### What needs to be done
Please write out all of the entries beneath this line exactly, skipping the pictures.

### Data for review
++++++

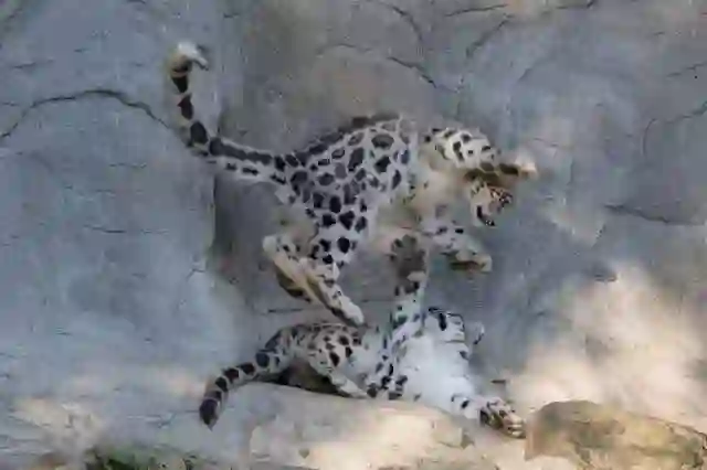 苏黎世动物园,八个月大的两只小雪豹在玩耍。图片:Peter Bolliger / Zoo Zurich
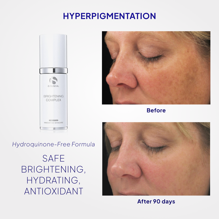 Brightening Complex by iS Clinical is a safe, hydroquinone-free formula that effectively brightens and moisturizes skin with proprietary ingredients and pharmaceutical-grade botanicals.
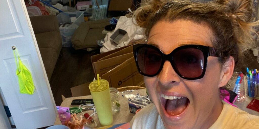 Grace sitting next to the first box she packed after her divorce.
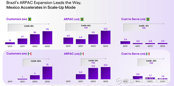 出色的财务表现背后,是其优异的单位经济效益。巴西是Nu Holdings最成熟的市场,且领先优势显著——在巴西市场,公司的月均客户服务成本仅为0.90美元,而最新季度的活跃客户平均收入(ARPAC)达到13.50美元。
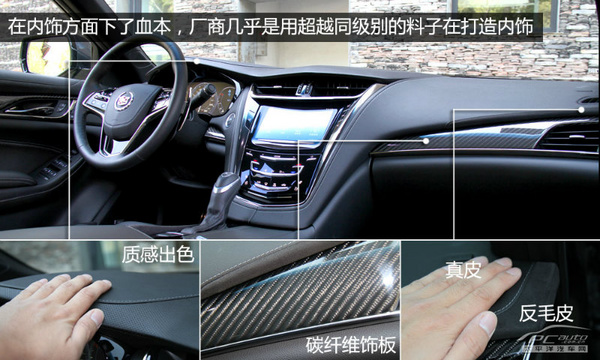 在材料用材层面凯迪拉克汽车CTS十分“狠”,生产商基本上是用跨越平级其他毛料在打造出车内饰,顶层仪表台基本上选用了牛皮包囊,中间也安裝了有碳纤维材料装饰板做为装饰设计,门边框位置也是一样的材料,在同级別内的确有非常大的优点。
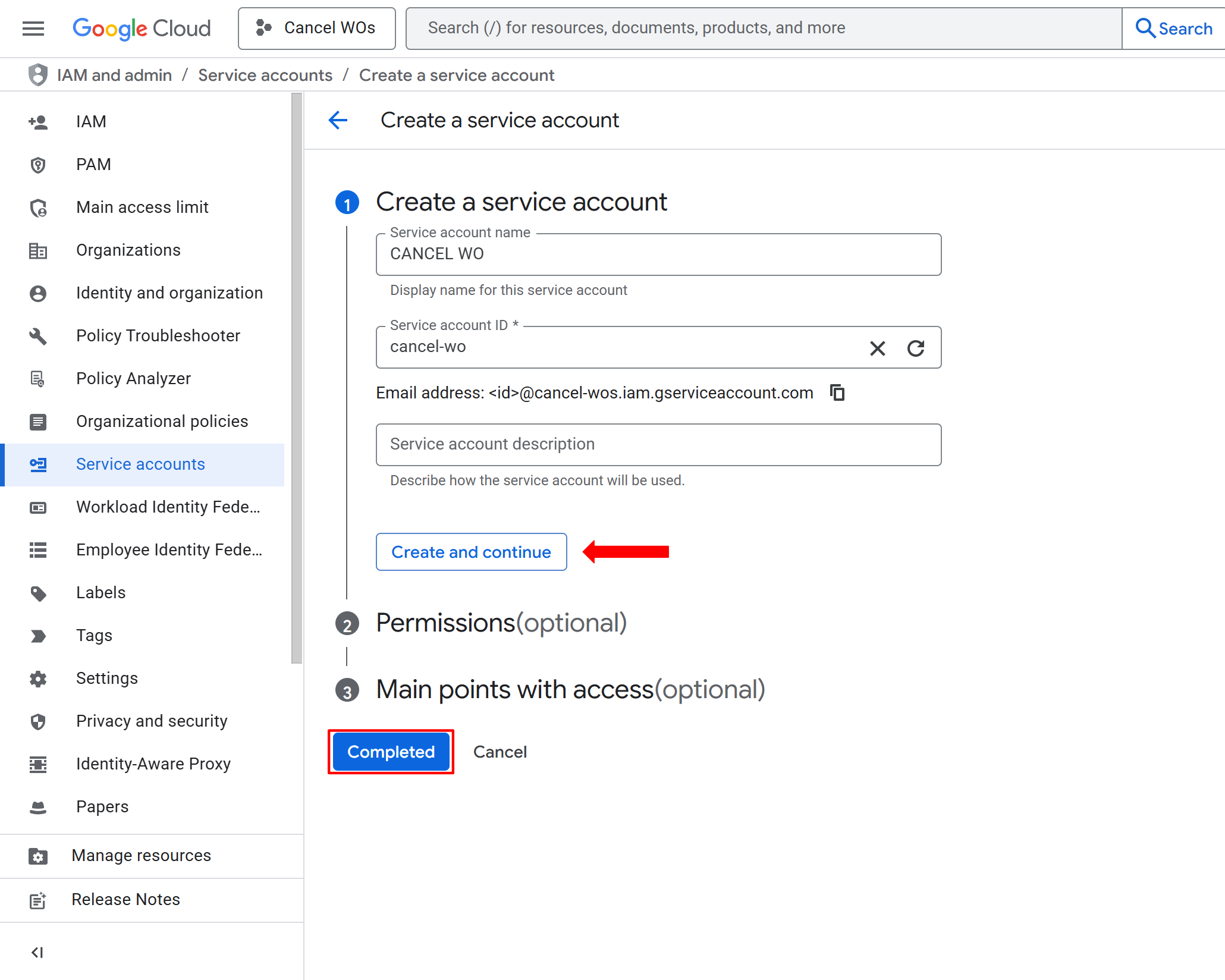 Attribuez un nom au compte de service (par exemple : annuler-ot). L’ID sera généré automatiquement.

++++++

### Reply to the task
 苏黎世动物园,八个月大的两只小雪豹在玩耍。图片:Peter Bolliger / Zoo Zurich
 Brightening Complex by iS Clinical is a safe, hydroquinone-free formula that effectively brightens and moisturizes skin with proprietary ingredients and pharmaceutical-grade botanicals.
 Grace sitting next to the first box she packed after her divorce.
 出色的财务表现背后,是其优异的单位经济效益。巴西是Nu Holdings最成熟的市场,且领先优势显著——在巴西市场,公司的月均客户服务成本仅为0.90美元,而最新季度的活跃客户平均收入(ARPAC)达到13.50美元。
 在材料用材层面凯迪拉克汽车CTS十分“狠”,生产商基本上是用跨越平级其他毛料在打造出车内饰,顶层仪表台基本上选用了牛皮包囊,中间也安裝了有碳纤维材料装饰板做为装饰设计,门边框位置也是一样的材料,在同级別内的确有非常大的优点。
 Attribuez un nom au compte de service (par exemple : annuler-ot). L’ID sera généré automatiquement.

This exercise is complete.